Voight and Trump’s proposal arrives at a time when media ownership is dominated by vertically integrated companies and major streamers. Restoring fin-syn would challenge that model and could shift power back to independent creators—though many insiders are skeptical about its feasibility.
“I would love it if fin-syn came back, but it won’t,” one producer stated via Deadline. “They have no purview or authority to do it.”
The document proposes that at least a quarter of all original programming should be independently owned, echoing European models such as France’s local production quotas. While it’s unlikely the full original rule will return, a modified version could reintroduce balance into the industry.
“It would be a Justice Department edict, not an FCC edict,” a media observer said, noting that any rule change would now fall to Congress and the FTC, not the FCC.
Meanwhile, Voight’s plan also outlines steep tariffs—up to 120%—on productions filmed outside the U.S. that receive foreign tax incentives. That includes many shows shot in Canada or Europe that stand in for American cities.
“All this will do is penalize the industry, not help,” one producer told Deadline. “They will punish media companies that are making content.”
Producers argue that the focus should be on increasing domestic production incentives, not punishing overseas filming. Currently, global tax credits offer 25-40% savings, making it hard for American cities—especially Los Angeles—to compete.
“The best thing for the U.S. to do is to institute a tax credit equivalent to the cost of staying in the country,” a producer explained in the Deadline report.

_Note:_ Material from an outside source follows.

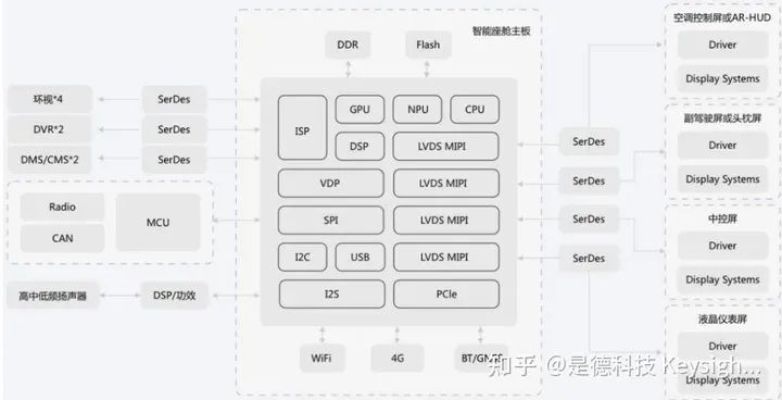 车载算力芯片与上述算力芯片应用场景不同,接口类型有差异,还会涉及高速 MIPI TRX接口、车载 Serdes 接口、车载以太网接口等。MIPI 接口包括 C-PHY、D-PHY,借助串化/解串套片连接多路摄像头及显示屏。MPHY 用于连接 UFS 芯片,实现非易失数据存储。

To address this, Voight’s plan includes a proposed 10%-20% federal tax credit for domestic production, mirroring incentives available abroad. Some producers say a federal bailout, similar to the 2008 rescue of the U.S. auto industry, may even be necessary.
“Once we were on the verge of the collapse of the Big three automakers, the government stepped in and bailed them out,” one producer recalled. “Those automakers flourished.”
Canada, frequently cited as a model for sustainable film incentives, has maintained a robust support system for production for over 50 years. Its long-term investment has created a thriving local workforce and film infrastructure.
“Canada had the foresight. They’ve built a massive, mature workforce,” said a veteran producer. “They are reaping the rewards now.”
With California lagging behind, many producers argue it’s time for the U.S. to rethink its approach and protect one of its strongest cultural exports.
“TV programming is one of the nation’s greatest exports; we should provide enough incentives to keep production here,” a producer concluded.
Though met with skepticism and political overtones, Voight’s controversial proposal has spotlighted real concerns in the entertainment industry. Whether fin-syn revival or new tax credits, insiders agree on one point: U.S. film and TV production needs urgent attention before it slips further offshore.